Their work was as important as the three magi’s call and their journey and gifts. Without the support staff they probably wouldn’t have gotten very far.  It takes a lot of people ministering in support positions for a few people to take center stage and look good. The majority of ministry isn’t upfront and obvious. The majority of ministry is behind the scenes and often over-looked.  Yet it is still vital. In fact, the work behind the scenes is not only vital but it is more honored in the reign of God where the last shall be first and the first last. Here in the church you see Donna, Mary Elizabeth and I upfront, together with the Eucharistic Ministers and the lectors but it takes a whole team of people working together to make it seem relatively effortless . Like the swan who glides smoothly along the surface but whose legs and paddling fast beneath her, so all of us are called to minister often in unseen ways which make the community’s life and worship possible.

And we are given the gifts we need for ministry. We already have them.

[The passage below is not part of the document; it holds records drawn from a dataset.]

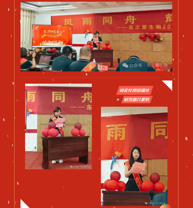 “在東之星的這些年,我見證了公司的成長(zhǎng),也實(shí)現(xiàn)了自我的突破?!毖邪l(fā)部經(jīng)理田瑞玲與財(cái)務(wù)部呂紫怡作為員工代表上臺(tái)發(fā)言,她們分享了在工作中的感悟與收獲,字里行間滿是對(duì)公司的熱愛與對(duì)團(tuán)隊(duì)的感謝。真誠(chéng)的話語(yǔ)道出了所有東之星人的心聲:唯有同心同德、攜手并進(jìn),才能讓公司在前行的道路上走得更穩(wěn)、更遠(yuǎn)。
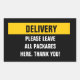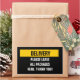 Notice to delivery people to please leave packages here at your desired location, along with a thank you. Attention getting yellow and white on black design with fully customizable text to alert your delivery people.
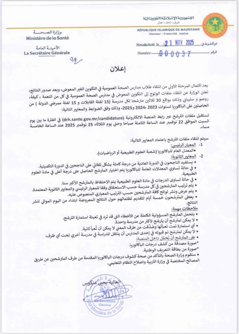 تستقبل ملفات الترشح عبر رابط المنصة الإلكترونية (drh.sante.gov.mr/candidature) في الفترة ما بين يوم الجمعة 22 نوفمبر عند الساعة الثامنة صباحا ويوم الثلاثاء 25 نوفمبر 2025 عند الساعة الخامسة مساء.
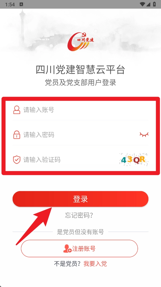 第一次打開四川黨建平臺時,在登錄頁面填寫賬號、密碼和驗證碼,然后點擊登錄按鈕進入平臺;要是還沒有賬號的話,可以先進行賬號注冊。

Sometimes they need to be developed or discovered, but we are always given what we need for the ministry that God is calling us to do. Whenever a baby plays with his toes, or an archaeologist makes a huge new discovery – both are just discovering what is already there.  It’s like that with our gifts. They are already there, because God has already given us everything we need, we just have to discover them.

As we start to think about every area of our life as a form of ministry, and as we offer our gifts to God for God’s work, so we will begin to discover them in a new way. The question then becomes one of discerning exactly what is yours to give in each area of your life’s ministry. The answer will change over time and so it’s good at the beginning of the New Year to review our ministries. How are you ministering at home, at work, in your family, in your volunteer activities, among your friends and in the church? Perhaps its time to make some changes or to identify gifts that are waiting to be discovered or developed. What is God calling you to?

You probably won’t get the answer to that question by discovering a new star or seeing a message in the clouds. It may come as dramatically as a meteorite in the night sky, but chances are that it will come quietly as you look at the gifts you have already discovered, and the needs of the people and situations around you. You may even have some false starts along the way. After all the wise men made the mistake of heading for the Palace – thinking that surely the King of the Jews would have been born there. But make no mistake, your gifts are as important as theirs in God’s service and your ministries are vital in building the reign of God.